Below are records; print only the lines from the line containing "Первоначальный вид площадки" to the end, both included, reproduced exactly and without the pictures.

Working data
◇ ◇ ◇ ◇ ◇ ◇ ◇

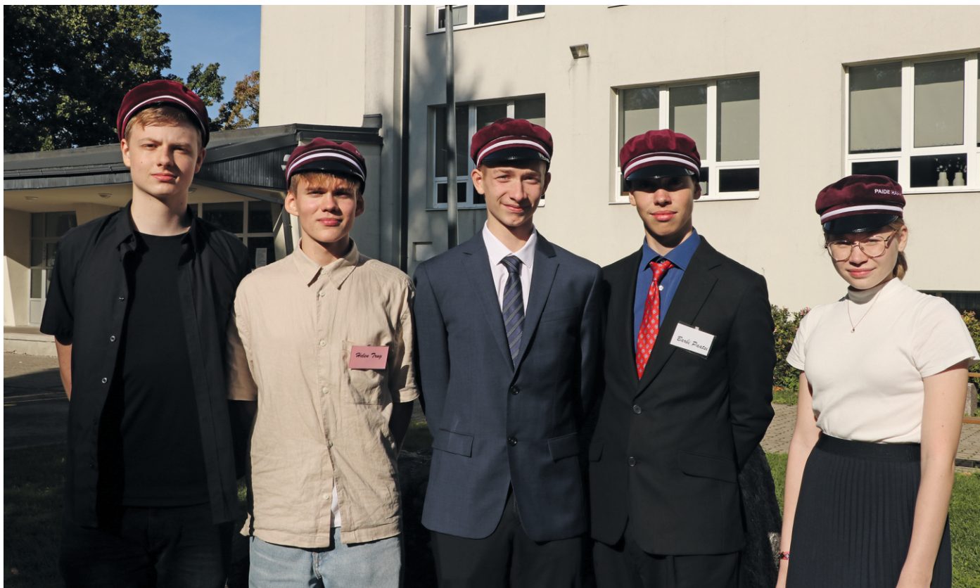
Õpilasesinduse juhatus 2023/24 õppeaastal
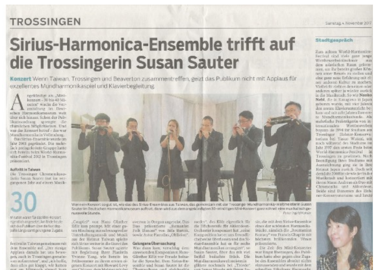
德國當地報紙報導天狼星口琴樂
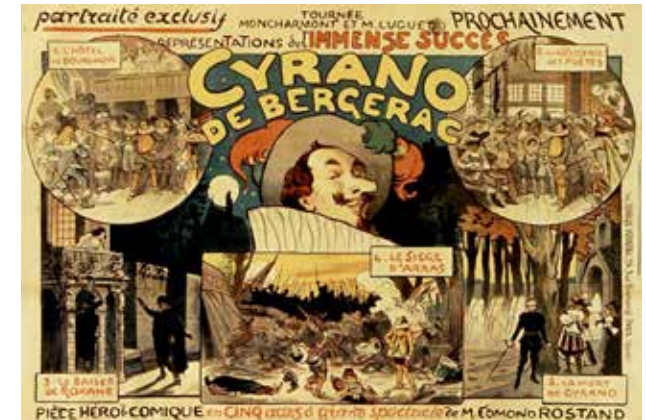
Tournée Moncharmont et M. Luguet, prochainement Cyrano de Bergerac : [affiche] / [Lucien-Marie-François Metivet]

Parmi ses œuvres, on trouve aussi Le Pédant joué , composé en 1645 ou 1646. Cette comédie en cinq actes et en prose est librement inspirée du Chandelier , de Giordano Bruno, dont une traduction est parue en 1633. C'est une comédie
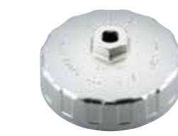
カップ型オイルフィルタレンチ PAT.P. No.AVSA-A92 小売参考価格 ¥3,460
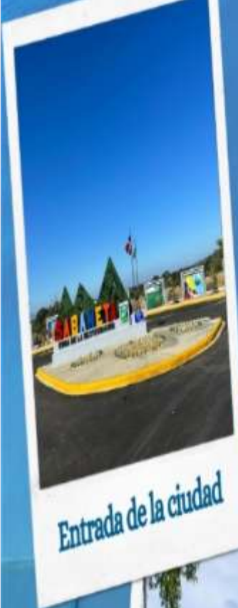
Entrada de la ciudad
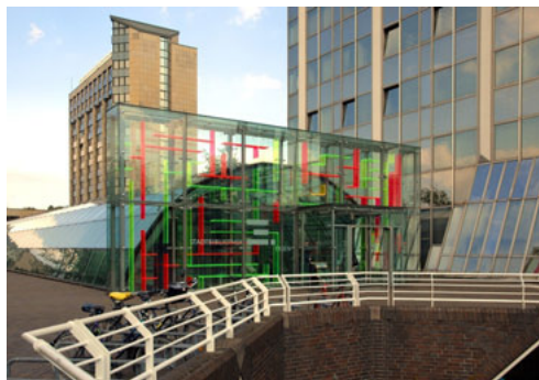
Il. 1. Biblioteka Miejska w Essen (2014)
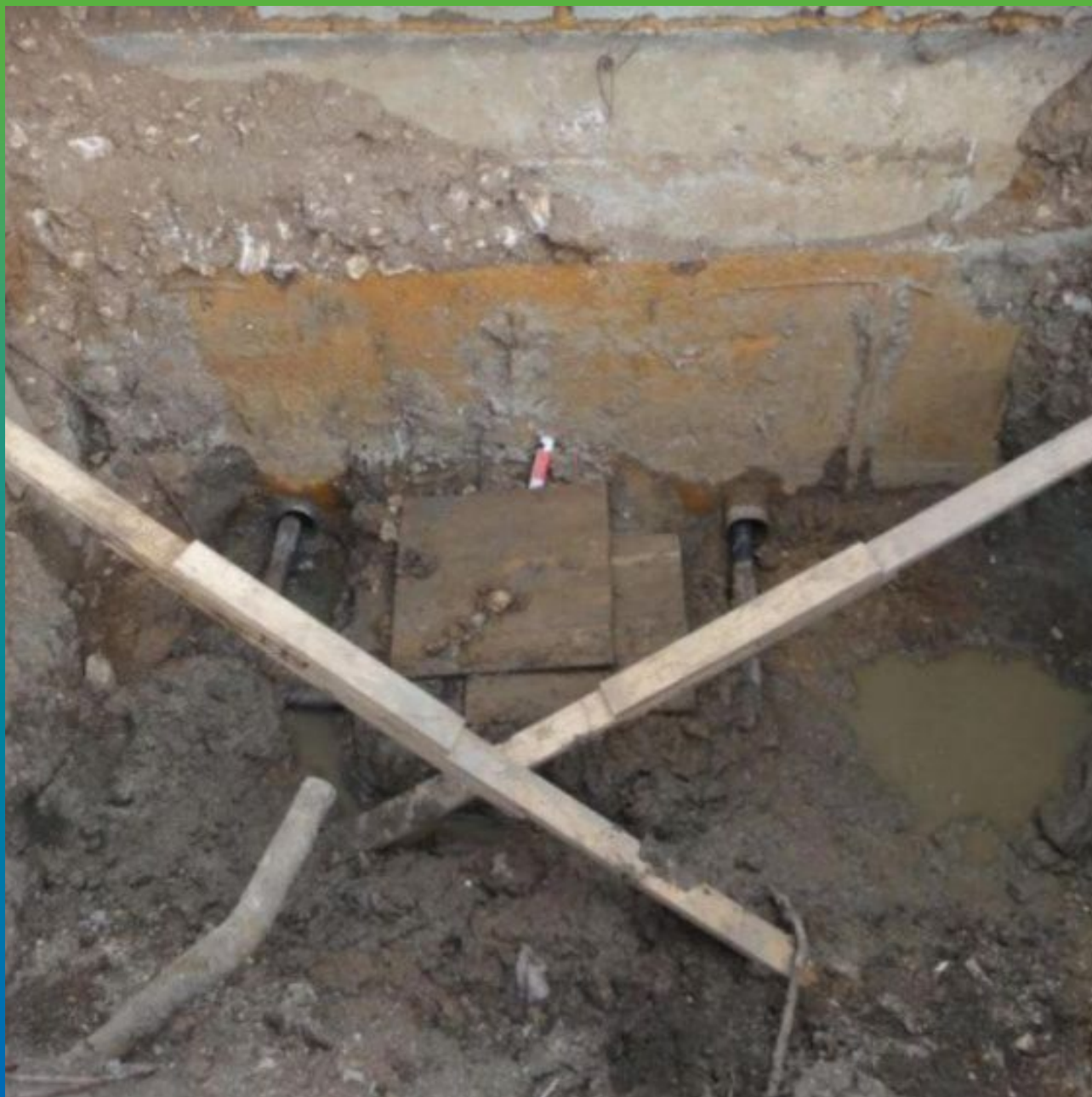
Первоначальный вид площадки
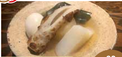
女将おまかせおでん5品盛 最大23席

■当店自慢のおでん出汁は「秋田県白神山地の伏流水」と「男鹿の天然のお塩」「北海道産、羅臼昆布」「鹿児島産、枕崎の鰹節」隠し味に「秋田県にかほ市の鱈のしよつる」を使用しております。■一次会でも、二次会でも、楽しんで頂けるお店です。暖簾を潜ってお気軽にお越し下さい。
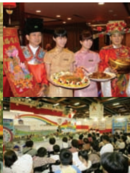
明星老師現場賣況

◇ ◇ ◇ ◇ ◇ ◇ ◇

Answer area
Первоначальный вид площадки
女将おまかせおでん5品盛 最大23席

■当店自慢のおでん出汁は「秋田県白神山地の伏流水」と「男鹿の天然のお塩」「北海道産、羅臼昆布」「鹿児島産、枕崎の鰹節」隠し味に「秋田県にかほ市の鱈のしよつる」を使用しております。■一次会でも、二次会でも、楽しんで頂けるお店です。暖簾を潜ってお気軽にお越し下さい。
明星老師現場賣況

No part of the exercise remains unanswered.